Evaluate the impact of key test parameters (e.g., frequency, duration, coverage) on system performance through a representative case study.

To address these objectives, the paper is structured as follows: The paper is structured as follows: Section 2 discusses the problem statement, examining limitations in current approaches for modeling low-demand SIS with proof testing. In Section 3, the system architecture is defined, with emphasis on KooN structures and their implications on availability during testing. Section 4 introduces the proposed DBN modeling approach and the integration of test-related parameters. In Section 5, the proposed model is applied to a case study, evaluating testing strategies and quantifying their effects on PFDavg. Finally, Section 6 presents the main conclusions of this work outlines directions for future research.

2. Problem Statement

In Safety Instrumented Systems (SIS) operating in low-demand mode, performance is predominantly determined by three interrelated factors : the reliability of individual components, the system architecture, and the proof test strategy implemented. The average Probability of Failure on Demand (PFDavg), which serves as a key performance indicator in accordance with international safety standards such as IEC 61508 [3] and IEC 61511 [14], is directly influenced by these dimensions.

One of the critical challenges lies in the design and implementation of effective proof test strategies, which are inherently dependent on the architecture of the SIS. In simple 1oo1 configurations, which lack redundancy, testing any component renders the entire SIS temporarily unavailable. This creates a significant exposure to risk during the test period and imposes operational constraints, particularly in continuous process industries where shutdowns are costly or infeasible. In such cases, the number of testing strategies that can be effectively implemented is severely limited, as components cannot be tested independently without compromising the safety function.

The situation changes fundamentally when redundancy is introduced within the SIS layers, such as in K-out-of-N (KooN) architectures (e.g., 1oo2, 2oo3). Redundancy not only improves fault tolerance but also expands the range of applicable proof test strategies. With redundant components, it becomes possible to :

Test components of each layer alternately, ensuring that at least one component remains operational to maintain the safety function.
Test success paths within the redundant architecture, targeting specific combinations of components required to fulfill the safety objective.

These architectural choices open the door to alternating testing strategies, which support a more flexible and dynamic approach to maintenance and reliability management. However, optimizing such strategies requires a systematic understanding of the interdependencies among architectural redundancy, test sequencing, and component degradation behavior.

Moreover, many existing reliability models assume perfect and instantaneous testing, ignoring the realities of imperfect proof testing, non-zero test durations, and progressive degradation of components over time. These simplifications limit their applicability in real-world industrial environments, where such factors significantly affect overall system availability.

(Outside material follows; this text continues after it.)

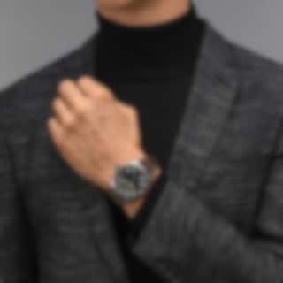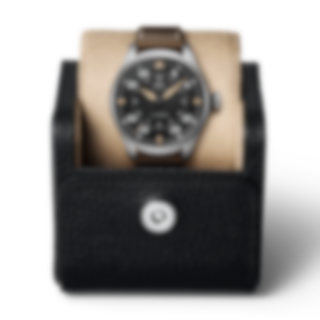 Titanium case, Automatic, self-winding, Diameter 43.0 mm, Black dial with luminescence, Brown calfskin strap with EasX-CHANGE system , Strap width 21.0 mm. Made in Switzerland

3. Safety Instrumented System Structure

To ensure safety functions, various structural approaches can be used. One straightforward method is to design a system of three distinct layers. The initial layer is tasked with monitoring the physicochemical characteristics through sensors. The logical layer processes inputs, computes decisions, and performs online diagnostics. Finally, the actuator layer executes the determined responses [15]. These layers typically adopt redundant architectures that consist of one or more components. Among the commonly utilized redundant structures are M-out-of-N (MooN) voting structures [16]. In such structures, MooN indicates that at least M out of the N components must operate correctly for the safety function to be effectively ensured.

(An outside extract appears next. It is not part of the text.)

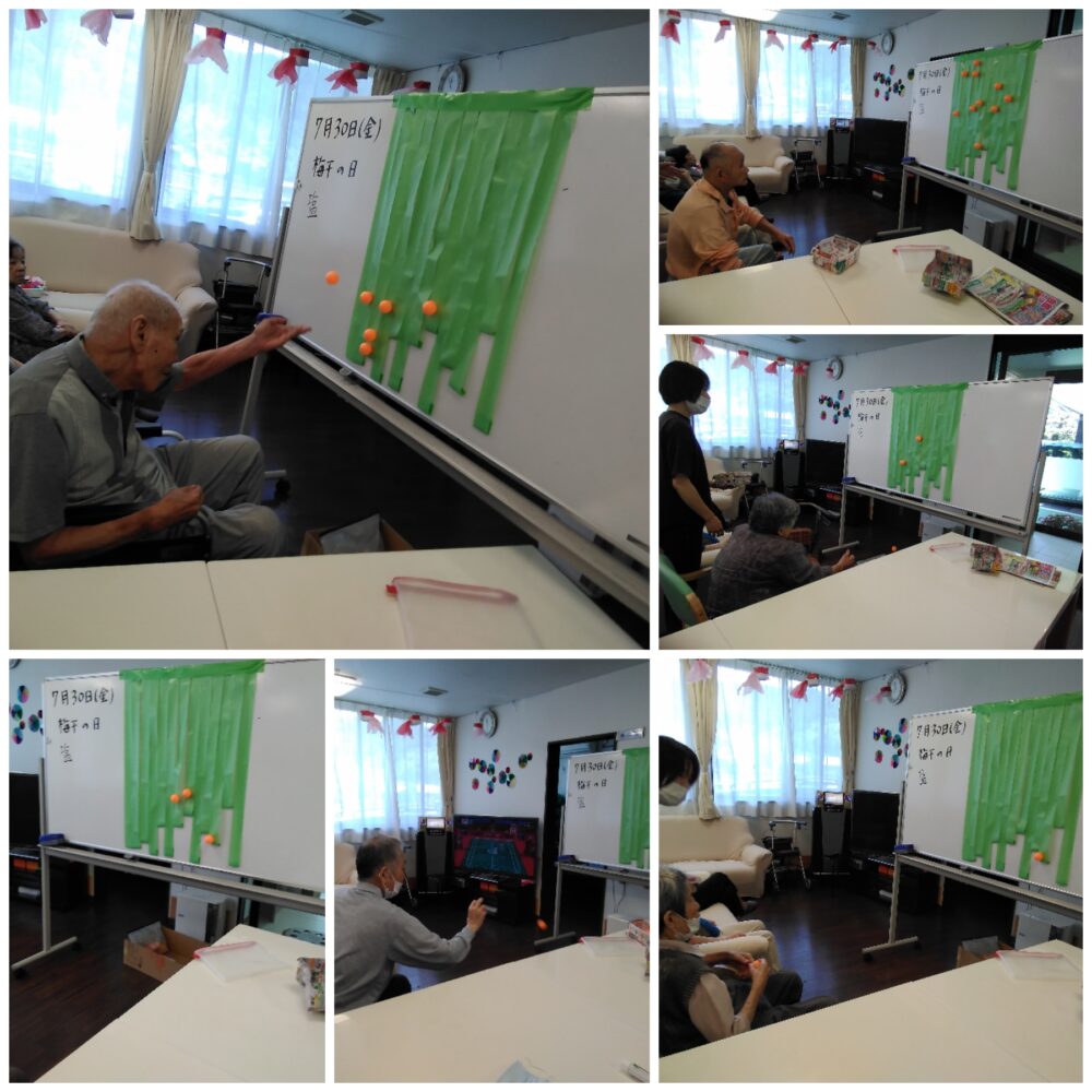 ホワイトボードに長さの違う養生テープを貼り付け、そこに向かってピンポン玉を投げて、何個くっつけることができるかというもの。

In a standard MooN voting structure, if M equals N, it represents a serial system with N components. Conversely, if M equals 1, it signifies a parallel system with N components. This redundancy configuration is referred to as 1-out-of-N (1ooN) [16].

3.1. Safety Instrumented System Structure

Figure 1 shows the whole structure of a typical Safety Instrumented System that monitors an Entity Under Control (chemical reactor). When designing Safety Instrumented Systems, various layer structures must be considered, each incorporating redundant channels sensitive to Common Cause Failure. In Figure 1, actuators (FC) and Logic Solvers (LS) are arranged in 1oo3 voting structures. The sensor layer is separated into temperature and pressure sections, each employing a 1oo2 voting architecture.

For clarity the applicability of the proposed methodology, this study focuses on the actuator layer, modeled as a 1oo3 configuration consisting of three identical valves. These valves are designed to isolate flow and reduce excess pressure when safety limits are surpassed, ensuring the protection of the system as long as at least one valve functions as required on demand [16].

The choice of this redundant layer as the focal point allows for a detailed analysis of testing strategies, while maintaining the general applicability of the approach. Since this layer predominantly comprises mechanical components, it is particularly susceptible to degradation mechanisms and performance loss over time, making it especially suitable for reliability evaluation.

The mean value of PDF metric is used to assess a SIS operating in low-demand mode. Its assessment integrates various parameters such as failure rates, Diagnostic Coverage, and Common Cause Failure. Additionally, the testing strategy must be integrated into the unavailability assessment process. Proof testing can be conducted through various test strategies [9].

3.2. Proof Test Strategies

The primary objective of proof testing is to uncover latent dangerous failures that may not be detected by online diagnostic tests [4]. This aspect is crucial in Safety Instrumented Systems and should be integrated into performance assessments. Therefore, it’s imperative to have a comprehensive understanding of the principal parameters related to proof testing. Various proof test strategies have been defined for Safety Instrumented System verification. [17] proposed the following classification of these strategies:

Simultaneous test: All components are tested together, necessitating a sufficient number of repair teams to test all components simultaneously. The Safety Instrumented System becomes unavailable during simultaneous testing [18].
Sequential test: Components are tested consecutively, one after the other. Once a component is tested and restored to service, the next component is tested, assuming that other components remain operational [12].
Staggered test: All Safety Instrumented System components are tested at different intervals. The most common form is the uniform staggered test, where each component has its own testing period, assuming the other components are functional.
Random test: In this strategy, the test intervals for components are not predetermined but are randomly chosen [17] or computed based on the current system state.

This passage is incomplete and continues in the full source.